Prosecutors, on the other hand, fearful that Clemons's lawyers will be able to discredit their main witness, filed motions Tuesday to limit what can be asked of McNamee regarding a 2001 sexual assault - an alleged misdeed for which McNamee was never charged, but that the trainer has since admitted lying to police about. According to the AP, "Police reports said McNamee was seen having sex with a drugged and incoherent woman in a St. Petersburg hotel pool. The woman told police she could not remember what happened but she did not give McNamee permission to have sex with her, and witnesses reported hearing her saying, ‘No.' The date rape drug GHB was found in her system."

The AP story continues:

"The Yankees did not renew McNamee's contract after the investigation, but Clemens continued to work out privately with McNamee for years."

Remember, kids, say no to steroids.

STRIKE THREE

There's nothing University of Washington football fans seem to enjoy more than trouble down the road in Eugene for the Nike-bank-rolled Oregon Ducks.

And trouble seems to be just what's brewing.

As the AP reports, at the request of local newspapers the University of Oregon recently released a whole bunch of documents related to the football program's use of a recruiting service run by Will Lyles, the man behind Texas-based Complete Scouting Services. The released documents, regrettably for the Ducks, strongly suggest the school paid $25,000 for scouting information that was not only bad, but embarrassingly outdated - containing info on players who'd already entered college, and in at least one case had passed away.
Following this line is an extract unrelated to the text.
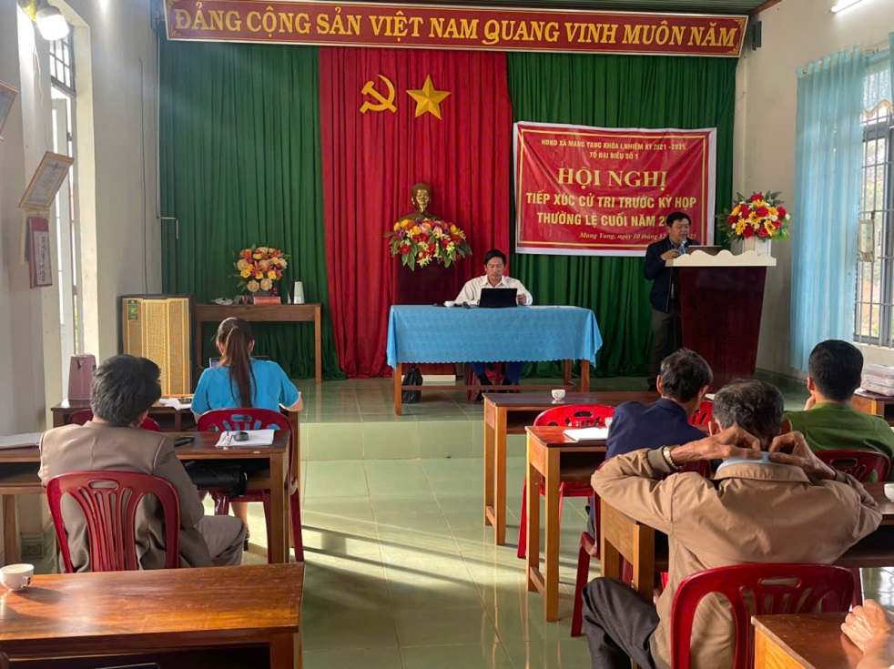 Chiều ngày 10/12, Tổ đại biểu số 1 – Hội đồng nhân dân xã Mang Yang đã tổ chức Hội nghị tiếp xúc cử tri trước Kỳ họp thường lệ cuối năm 2025 tại thôn 1 và thôn 3. Tham dự Hội nghị có tổ đại biểu HĐND xã, đại diện lãnh đạo các ban ngành của xã cùng 40 cử tri hai thôn.

So Oregon paid $25,000 for information that turned out to be over two years old, not to mention subpar and heavily plagiarized according to reports? What's the big deal? Sure, that's THE DUMBEST THING EVER, but it's not breaking the rules.

Or ...

Problem is: Lyles just happens to be tight with Oregon running backs Lache Seastrunk and LaMichael James, both heavily prized recruits. The $25,000 payment to Lyles from Oregon arrived just days after Seastrunk signed his letter of intent.
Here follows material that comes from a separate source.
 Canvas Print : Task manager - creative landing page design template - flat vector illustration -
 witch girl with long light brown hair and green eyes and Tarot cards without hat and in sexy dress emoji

Coincidence? Husky fans think not.

The bottom line: It's only a matter of time before the NCAA comes down harder than a LeGarrette Blount jab on Oregon's football program - which will no doubt lead to riotous celebration near Montlake.

DUMB JOCK OF THE WEEK

Remember that irate group of fans, displaced at last year's Super Bowl when the tickets Jerry Jones sold them turned out to be for seats that didn't actually exist?

Remember how these fans are suing the NFL, and how the league has tried desperately to make it all go away - offering to pay full ticket refunds, plus food and travel expenses, plus give them all backrubs and bottle service?

Well, lawyers representing the screwed-over fans argued in court filings this week that those who bought seats that didn't actually exist should be compensated for lost income - on top of all the other expenses they incurred. 

Gee whiz. Who knew getting screwed out of a Super Bowl seat could become such a potential jackpot?

Honestly, we all feel bad for you, displaced Super Bowl fans, but at this point you're just starting to look greedy.